As empresas precisarão criar canais de denúncia eficazes, realizar pesquisas de clima focadas em riscos psicossociais e, principalmente, treinar suas lideranças.
As organizações que não se adequarem até maio estarão sujeitas a multas, além de aumentarem a vulnerabilidade em ações trabalhistas e o risco de elevação das alíquotas de tributos vinculados à acidentalidade (como o FAP/RAT).
Para preparar as organizações para o novo cenário da NR-1, a transição deve ser encarada como uma reforma estrutural na gestão de pessoas, começando pela revisão técnica do Programa de Gerenciamento de Riscos (PGR).
As empresas precisam atualizar seus inventários para incluir uma matriz psicossocial detalhada, que identifique gatilhos de estresse e sobrecarga antes que se tornem patológicos.

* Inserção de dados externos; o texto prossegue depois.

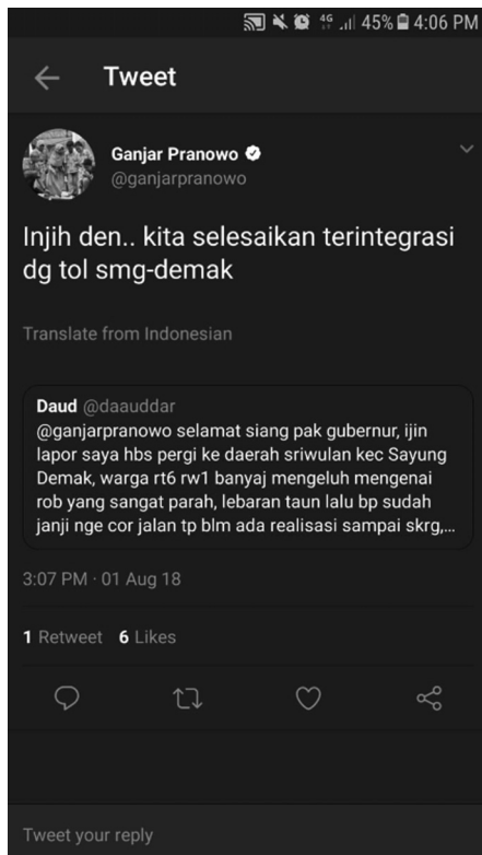
Picture 3. Screenshot of a text message on Twitter

Source: Researcher documentation, August 1, 2018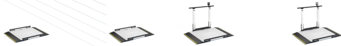
seca XLine Base

Explore the Ideal XLine Model for Your Specific Needs.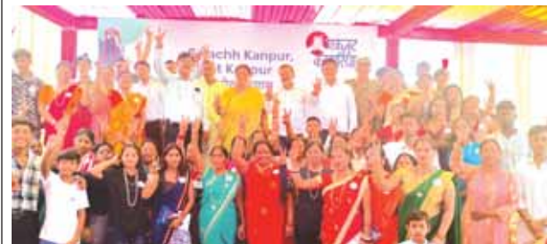
'Ekjut Kanpur' felicitating community ambassadors on Wednesday.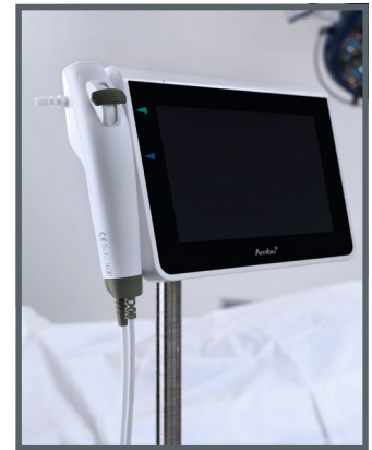
Ambu® aScope™ 4 Broncho Slim and Ambu® aView™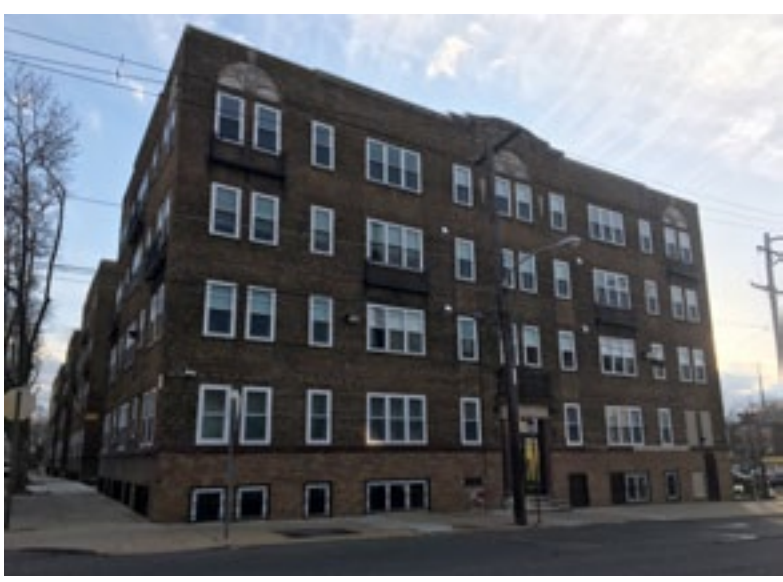
The Lindley Apartments opened in late January, thanks to a PHA subsidy through project based vouchers. The senior development is located at 1300 Lindley Avenue in the Logar

The company opened this development through a subsidiary, Pinnacle Enterprises, LLC, a firm dedicated to providing affordable housing to seniors and at risk populations. WES recognizes that

Esse diagnóstico deve ser alimentado por canais de escuta ativos, garantindo que os colaboradores tenham acesso a canais de denúncia seguros e anônimos, fundamentais para reportar assédios ou abusos de poder sem o temor de retaliações.
Paralelamente, a sustentabilidade da operação exige uma avaliação crítica das métricas de desempenho. É necessário revisar a viabilidade das metas impostas, garantindo que os indicadores de produtividade não ultrapassem os limites da saúde física e mental das equipes.
Complementando esse ciclo de prevenção, o treinamento contínuo torna-se o braço operacional da norma: capacitar gestores e lideranças para identificar sinais precoces de esgotamento, como o Burnout, transforma o comando da empresa na primeira linha de defesa contra o adoecimento ocupacional.
Assim, a preparação deixa de ser um preenchimento de formulários para se tornar um compromisso com a longevidade do capital humano.